Write out again only the lines running from the one that contains "L'équipe organisatrice plus" to the end of the records below, including both the first and the last.

[Collection entries]

[Start of Attachment]

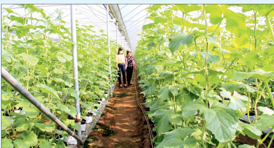
Mô hình trồng dưa lưới công nghệ cao.
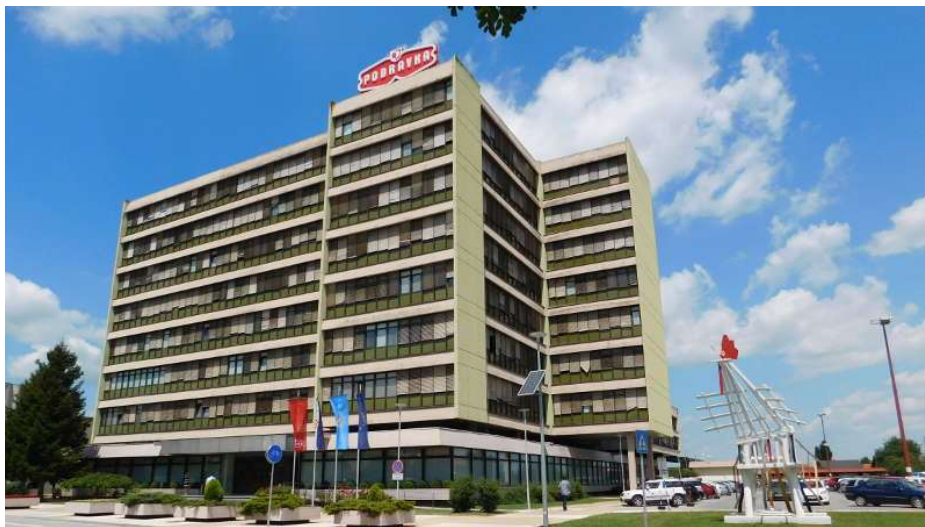
Slika 2. Podravka d.d.

Razvoj novih prehrambenih proizvoda je vrlo skup, zahtijeva puno vremena i naravno nosi određeni rizik, ali treba znati kako inventivnost pojedinih industrija se izražava u postojanju jasne strategije i budućim investicijama u razvoj novih proizvoda.
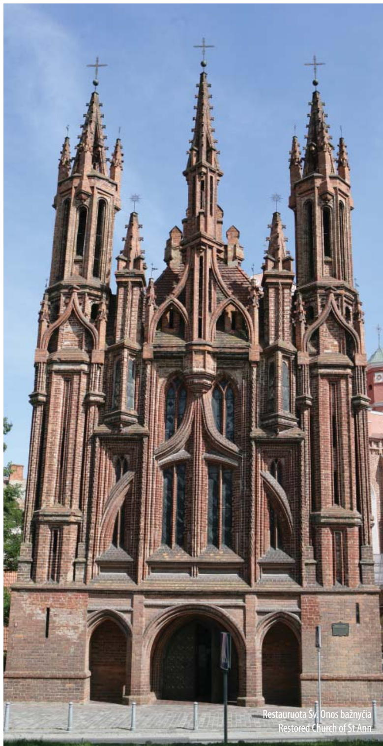
Restauruota Šv. Onos bažnyčia Restored Church of St. Anne

However, a very important law for the protection of cultural monuments, which was drafted in 1926, 1933, 1938 and 1939, was only signed on 20 July 1940, when Soviet armed forces were already in the country. Under the new law, an Office of Cultural Monuments Protection staffed with 12 people started operating within the Ministry of Education. It was headed by Adolfas Nezabitauskis from 1941 until 1944.
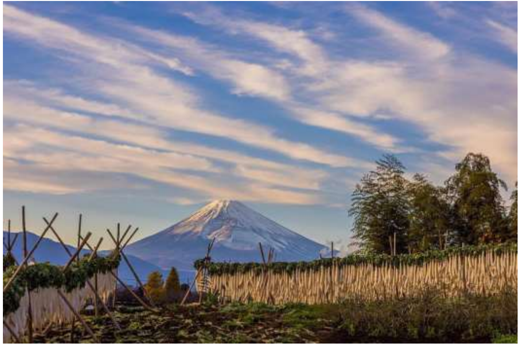
SNS 部門 「冬の風物詩」
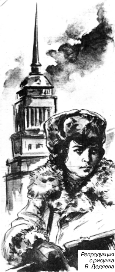
Репродукция рисунка В. Дедяева

К полудню на участке 3-го батальона создалось критическое положение: вражеские танки провалились в его тылы, ещё
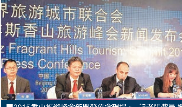
2015香山旅遊峰會新聞發佈會現場。
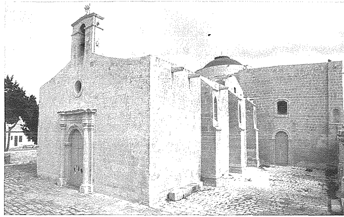
Il-Knisja ta' San Ġirgor - Żejtun
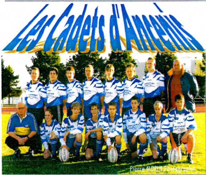
Pierre MORIN Photographe
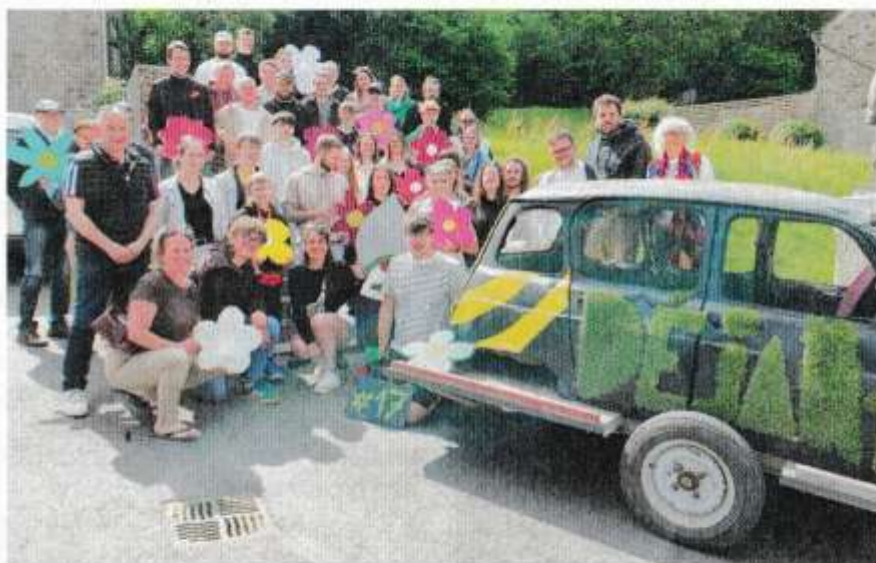
L'équipe organisatrice plus la mascotte du festival mise au vert.

Le 17 ème festival Déjanté des 29-30 et 31 mai prochains annonce une programmation éclectique, mais toujours aussi festive.

[End of Attachment]

■ EXERCISE SOLUTION:
L'équipe organisatrice plus la mascotte du festival mise au vert.

Le 17 ème festival Déjanté des 29-30 et 31 mai prochains annonce une programmation éclectique, mais toujours aussi festive.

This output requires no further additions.